Adverse weather in the United States is hampering efforts of the da Vinci Project team to test a giant helium balloon that is crucial to the launch of a manned rocket from Kindersley next month.

But while the team has encountered problems with the test, it appears to have secured an insurance policy for the flight, which the Canadian government has been waiting for in order to sanction the launch.

Some critics have suggested unco-operative weather on the Canadian Prairies similar to what the team has found in its tests could play havoc with the launch attempt on Oct. 2.

“We’ve had a couple of delays and I’m not sure what happened today (Tuesday),” said Brian Feeney, da Vinci leader and the aspiring astronaut of the 4,000-kilogram rocket, called Wild Fire.

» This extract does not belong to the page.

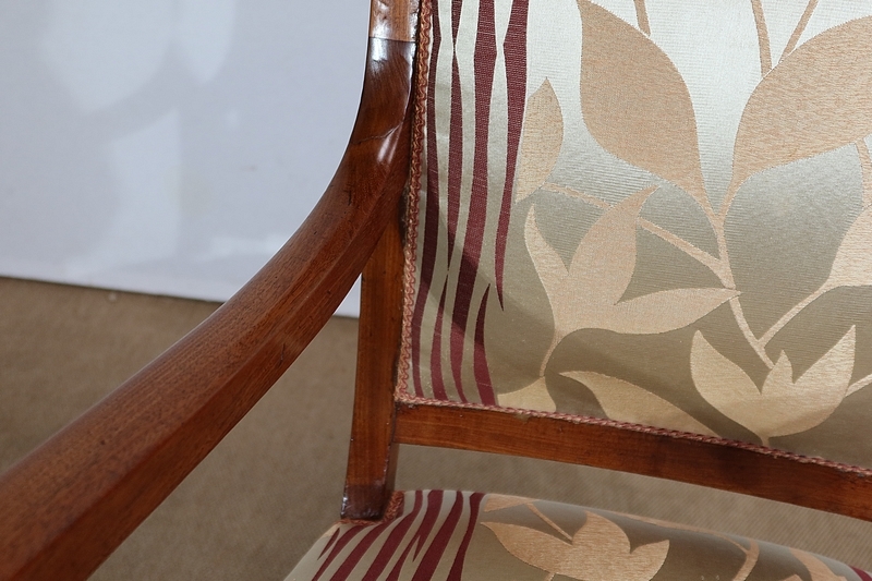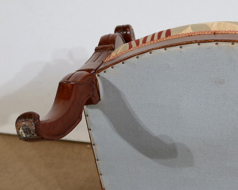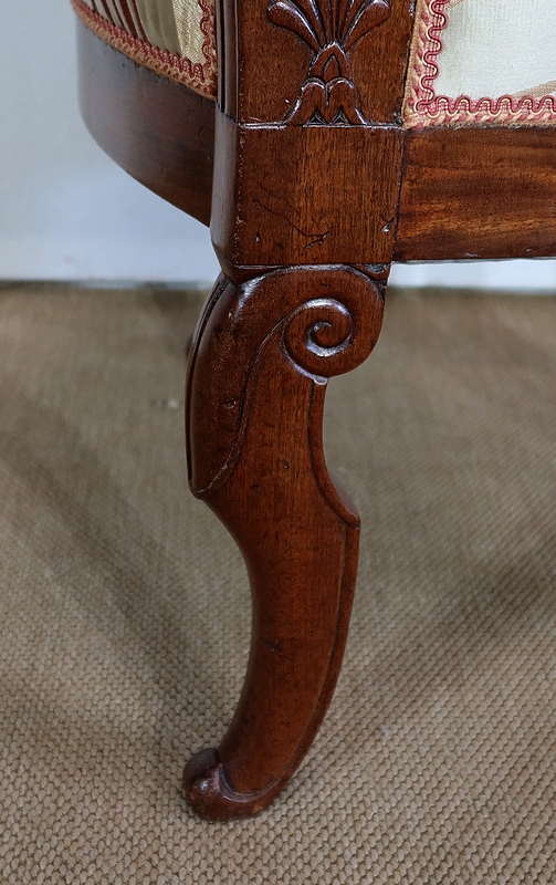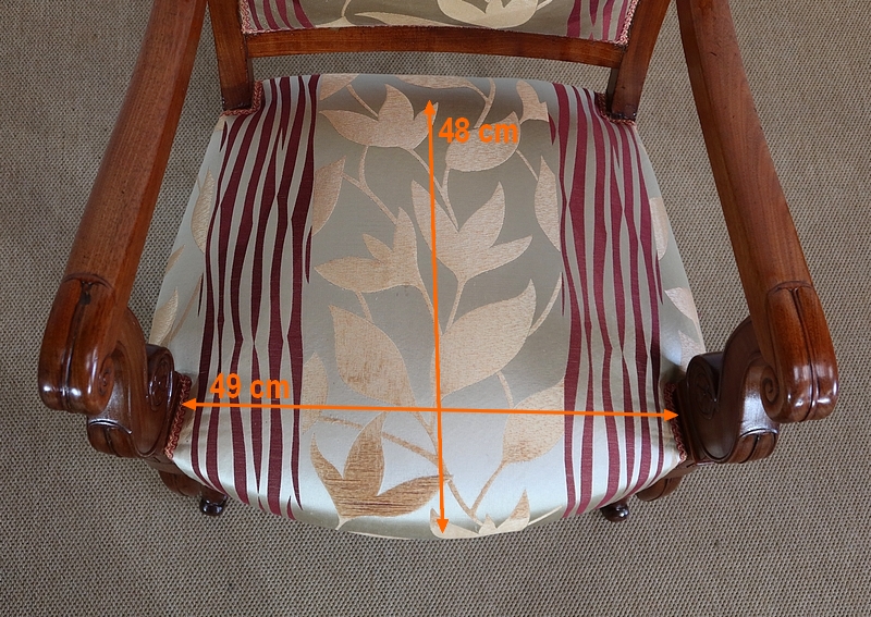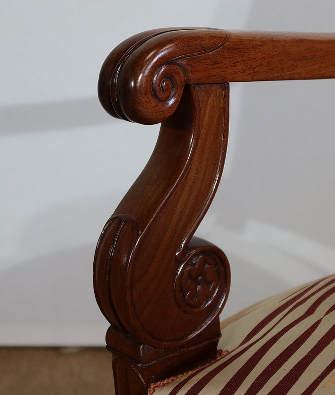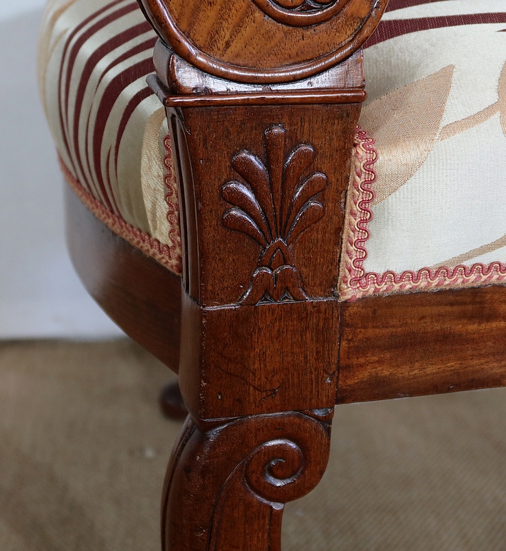 La continuité des pieds arrière se fait par une console renversée soutenant les accotoirs lisses. Sur les côtés, nous découvrons des ornementations sculptées représentant des rosaces et des palmettes.

The test was initially scheduled to happen Saturday. Speaking from the team’s Toronto headquarters, Feeney didn’t disclose the location of the test or details about the weather conditions.

“They (team members doing the test) are out in the field in the middle of nowhere. Until they get back tonight (Tuesday) or tomorrow I won’t know. They’re incommunicado . . . and I’m not going to say anything until I know myself, obviously.”

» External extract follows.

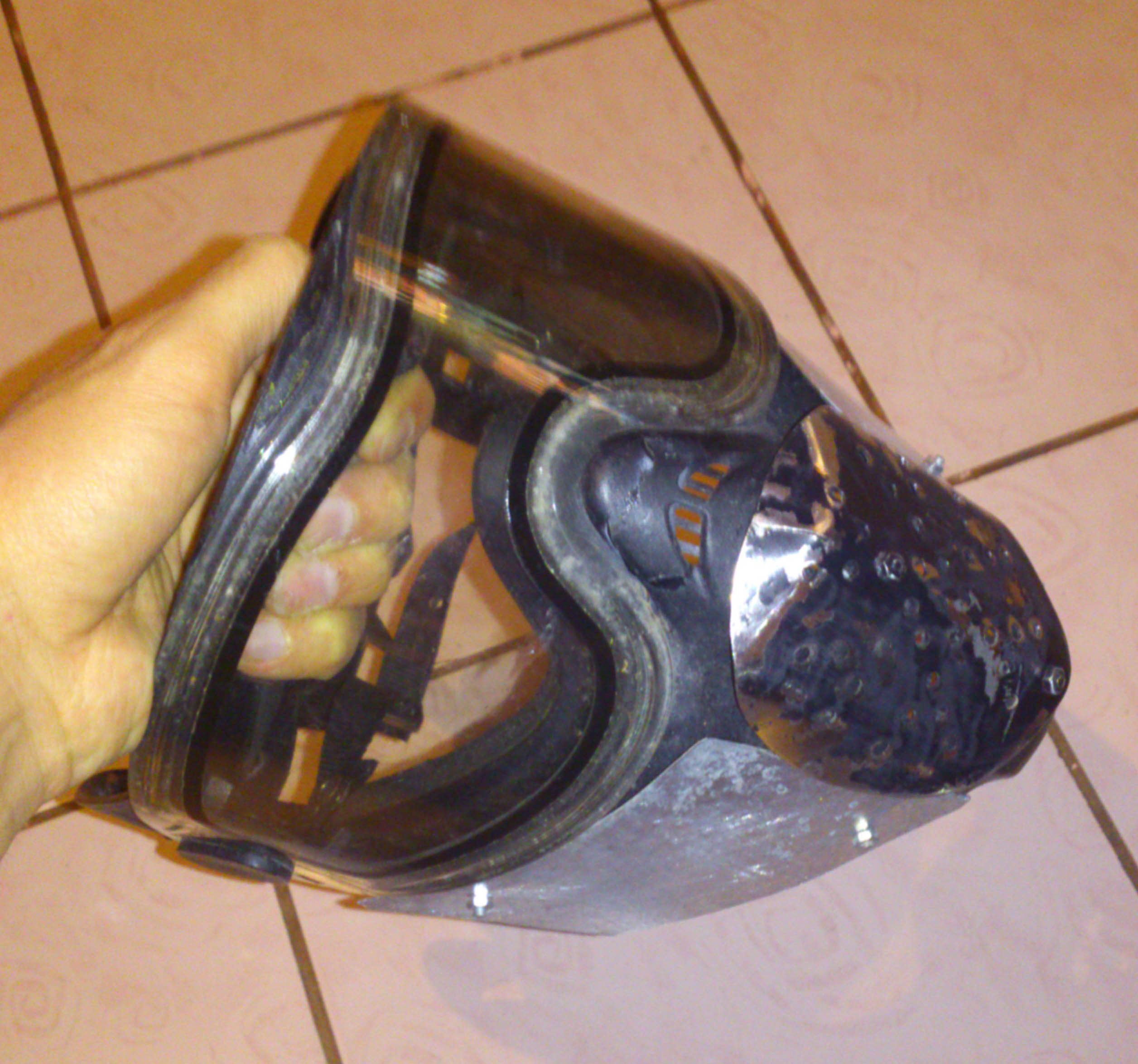 И да, забыл, есть еще вот таки шлЁм, ковер правда замучен тяжкой неволей и кулями, ремешки крепления требуют замены, зато пластик шлема ок. Держит под двести ббхой в упор, свинец тем более.

Feeney is maintaining a furtive approach to the launch because of the highly competitive — and highly lucrative — nature of the Ansari X Prize contest. The da Vinci team is one of 26 vying for the $10-million US prize, which will go to the first team to send a privately funded craft capable of carrying three people to an altitude of 100 kilometres — the edge of space — twice in 14 days.

For the purpose of the contest, just one passenger needs to be inside the craft but the equivalent weight of two or more adults must be included.

A date for Feeney’s second launch has not been set but it is expected within days of Oct. 2. His biggest competitor is American aerospace developer Burt Rutan, who is aiming for a first launch on Sept. 29 in Mojave, Calif., and a second by Oct. 4. His rocket, SpaceShipOne, will launch from the back of a supersonic jet.

Feeney’s approach is to use the helium balloon to lift the rocket, which will be tethered 250 metres below, to an altitude of 24 kilometres. The tether will be cut and the rocket will blast off at that point.

The test of the balloon will be a weighted lift “to verify our loads,” said Feeney. The rocket itself won’t be lifted. Only a fraction of the 4,000 kilograms will be attached as a weight, but the time it takes the balloon to inflate and lift is being studied.

Feeney’s plan has been criticized by Ted Llewellyn, a physics professor with the University of Saskatchewan’s Institute of Space and Atmospheric Studies, and Dale Sommerfeldt, vice-president of a Saskatoon company specializing in balloons launches for Environment Canada and the Canadian Space Agency.

Both questioned the feasibility of lifting such a load and doubted the strong, unpredictable Prairie winds would co-operate.

Meanwhile, Feeney says the project has secured an insurance policy.

“We have a firm quotation and we’re putting it to bed,” said Feeney, who couldn’t say whether the papers would be filed this week. “I’m waiting for the documents to arrive and then we’ll write cheques and put it in the hands of the government.”

The policy will cover potential injuries and property damage. Feeney is also filing an indemnity clearing the Canadian government against launch damages.

He’d been hunting for several weeks for the best price from insurance companies. Although he won’t say what rate he secured, “it’s a lower number than any number that’s been published, speculatively or otherwise.”

According to the website Wired News, the leader of another X Prize team, Geoff Sheerin of Canadian Arrow, had received quotes from $250,000 to $1.5 million for $5 million in liability coverage.

Transport Canada would not guarantee the approval process would be completed in time for Feeney’s launch date.

But Feeney believes the government will expedite the process.

“They know the time pressures. They’ve been working with us,” he said. “We’ll get ‘er done as fast as possible.”